Training MAML/FOMAML

import torch
from algorithms.maml import train_maml, ModelAgnosticMetaLearning
from algorithms.cnn_maml import SimpleConvNet
from utils.load_omniglot import OmniglotDataset, OmniglotTaskDataset
from evaluation.eval_visualization import plot_evaluation_results, plot_training_progress
from torch.utils.data import DataLoader

# 1. Load your dataset
dataset = OmniglotDataset("omniglot/images_background")

# 2. Create task dataset (5-way 1-shot)
task_dataset = OmniglotTaskDataset(
	dataset,
	n_way=5,
	k_shot=1,
	k_query=15,
	num_tasks=2000
)

task_dataloader = DataLoader(task_dataset, batch_size=4, shuffle=True)
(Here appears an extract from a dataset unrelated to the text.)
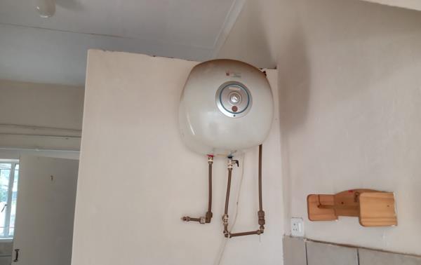 Bathroom with a shower, sink, and toilet. Own geyser.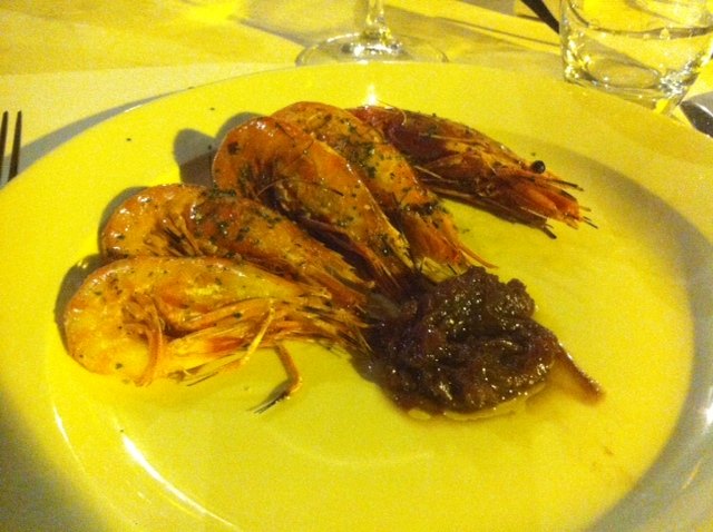 I secondi: frittura di alici e totani, fragrante, leggera, perfetta e gamberoni rossi alla griglia con cipolle caramellate, semplice bontà e freschezza assoluta.

# 3. Define your model (with optional Meta Dropout)
model = SimpleConvNet(
	num_classes=5,
	dropout_rates=[0.05, 0.10, 0.15, 0.05]  # Validated configuration
)

# 4. Train with MAML or FOMAML
model, maml, losses = train_maml(
	model=model,
	task_dataloader=task_dataloader,
	inner_lr=0.01,  # Task adaptation learning rate
	outer_lr=0.001,  # Meta-learning rate
	inner_steps=5,  # Adaptation steps per task
	first_order=False  # Set True for FOMAML
)

# 5. Evaluate on test tasks
eval_results = evaluate_maml(model, maml, test_dataloader, num_classes=5)
plot_evaluation_results(eval_results)

Training Embedding-based Meta Networks

from algorithms.eb_meta_network import MetaNetwork
from evaluation.eval_visualization import evaluate_model

# 1. Setup dataset (same as above)
# 2. Define Meta Network with Meta Dropout
meta_model = MetaNetwork(
	embedding_dim=64,
	hidden_dim=128,
	num_classes=5,
	dropout_rates=[0.05, 0.10, 0.15],  # Meta Dropout rates
	dropout_query=True  # Apply dropout to query embeddings
)

# 3. Train Meta Network (standard PyTorch training loop)
optimizer = torch.optim.Adam(meta_model.parameters(), lr=0.001)
criterion = torch.nn.CrossEntropyLoss()

for epoch in range(100):
	for batch in task_dataloader:
		support_data, support_labels, query_data, query_labels = batch

		# Forward pass
		logits = meta_model(support_data, support_labels, query_data)
		loss = criterion(logits, query_labels)

		# Backward pass
		optimizer.zero_grad()
		loss.backward()
		optimizer.step()

# 4. Evaluate (single forward pass, no adaptation needed)
accuracy = evaluate_model(meta_model, test_dataloader)

📖 Module Documentation

Core Algorithm Implementations

MAML.py - Model-Agnostic Meta-Learning

Complete MAML & FOMAML implementation with inner/outer loop optimization
Supports first-order approximation for memory efficiency
GPU optimized with gradient clipping and batch processing

EB_Meta_Network.py - Embedding-based Meta Networks

Metric-based meta-learning with single forward pass inference
EmbeddingNetwork (CNN) + MetaLearner (U, V, e matrices) architecture
Integrated Meta Dropout support with automatic mask management

Original_Meta_Network.py - Original Meta Networks (Model-based)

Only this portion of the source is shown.